In Good Morning Revolution—a volume of Langston Hughes’s contributions to revolutionary magazines—there is a small poem, “Johannesburg Mines,” about a big question:
In the Johannesburg mines
There are 240,000 natives working.
What kind of poem
Would you make out of that?
240,000 natives working
In the Johannesburg mines.
The poem isn’t only a question for poets, though it is also that. It’s one-third a question for poets, two-thirds the truth for everyone, and also, because one-third of the poem operates doubly, in that the question in the middle is also a kind of answer, one-third an answer for poets and anyone else who wonders what poems can do. The poem does not sentimentalize the suffering of the colonized workers in the name of politics and likewise does not aestheticize this suffering in the name of art. It also resolutely does not forget these workers or allow them to be forgotten, nor does it forget to mark its own place in the history of the class struggle. It retains the compelling anti-style of the Communist magazines in the United States, a mode which opened itself up so generously to readers that it offered little protection for its writers (including Hughes) as they met with devastating government repression in the years to come. The poem does all of this and yet also retains an intrinsic formal genius—in short, it is loyal to poetry, in that it offers a world, and loyal to the collective material struggle for a better world, in that it has a fundamental relationship to history.

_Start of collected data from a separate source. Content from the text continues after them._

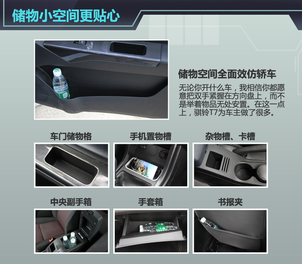中控区的储物空间也有大幅提升,手机槽、杂物槽、卡槽都有序的集成到了中控区部分,相信可以帮助车主在长途路程中,减少不少繁琐的取物置物麻烦。手套箱和中央扶手箱的空间也明显经过扩容,三瓶瓶装水完全没有压力。后排书报夹得以保留而且深度增加不少,为后排的乘客提供了更多的空间可能性。这样的设计并不需要增加多少成本,但使得骐铃T7脱离了传统皮卡的“傻糙楞”的空间设计,开始关注人的需求,这点值得表扬。
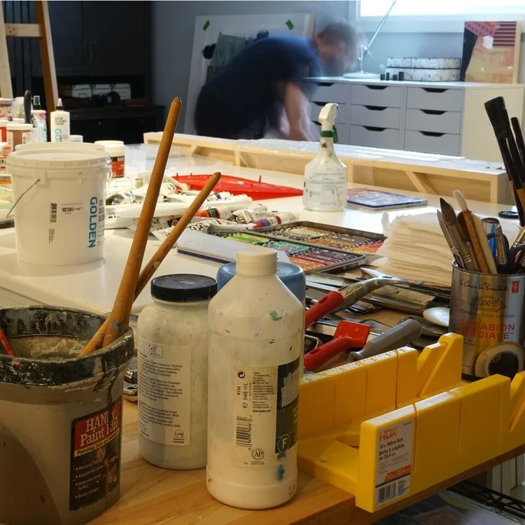 Jacques was born in Montreal in 1961. He started painting at the age of 16 and he was selling paintings within the year. The family moved from Montreal to the Niagara region and Jacques was encouraged to enter his work in juried shows. Jacques was accepted into the Communications and Design department at OCADU to study illustration and eventually switched over to advertising and editorial graphic design programs. Upon graduating with honours, he started a career in publishing. Over the past 33 years, Jacques has worked with clients in Canada's leading publishing companies and won numerous awards. Among many others, Jacques has held the title of Art Director at Canadian House & Home, City & Country Home and Chatelaine. He is currently the Art Director of International Architecture & Design magazine published in association with Sotheby's. Throughout his career in publishing Jacques has kept up his interest in painting, evolving from figurative to non-objective expression.
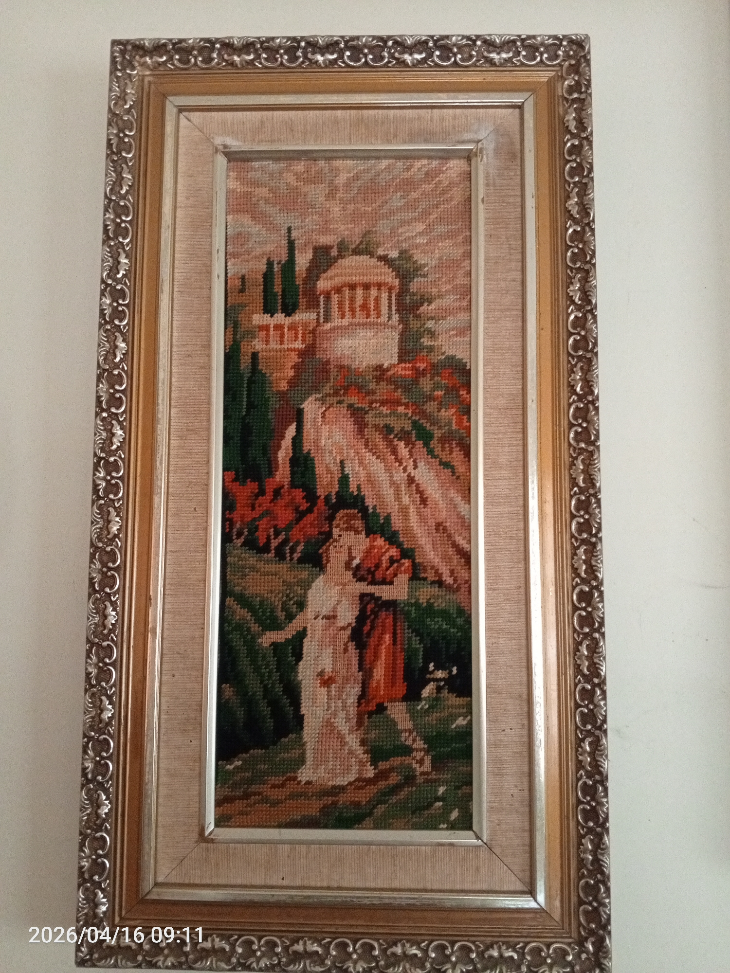 A framed needlepoint tapestry, rich in texture and color, hangs vertically against a plain white wall. The tapestry depicts an idyllic classical or pastoral landscape with two figures in the foregroun…read more

This poem is generous to the future, too, because of the portability of its form, by which I mean it is a form that can now travel from person to person and era to era, allowing for new poems to be made. As cunning as the inventor of the first sonnet, Hughes has in this poem given the world an enduring form, one with which each of us can write our own version of the poem, substituting for the first and third couplet other brutal facts of the world. Through its portability, the poem both continues as a literary form and expands as a social form, locating and re-locating itself in the revolutionary struggle as it moves with the changing shapes of history. The volta of the poem, and any of the poems that follow after it, remains intact in the poem’s possible rewritings: What kind of poem / would you make out of that? The poem turns on these lines and becomes its largest version, and as it does, it reflects the facts back as a mirror to themselves, forced into a devastating encounter. The contradiction of a world that holds both poetry and exploited labor is exposed. The poem’s question is the poem’s own answer, which is that things must not continue like this, and yet they do. Global capitalism, which produces miserable fact after miserable fact, will meet Hughes’s poem in this and its other variations for as long as its miserable arrangement of the world exists, and this poem, in Hughes’s version and all that follow, will always intercede with its unrelenting, proliferative answer.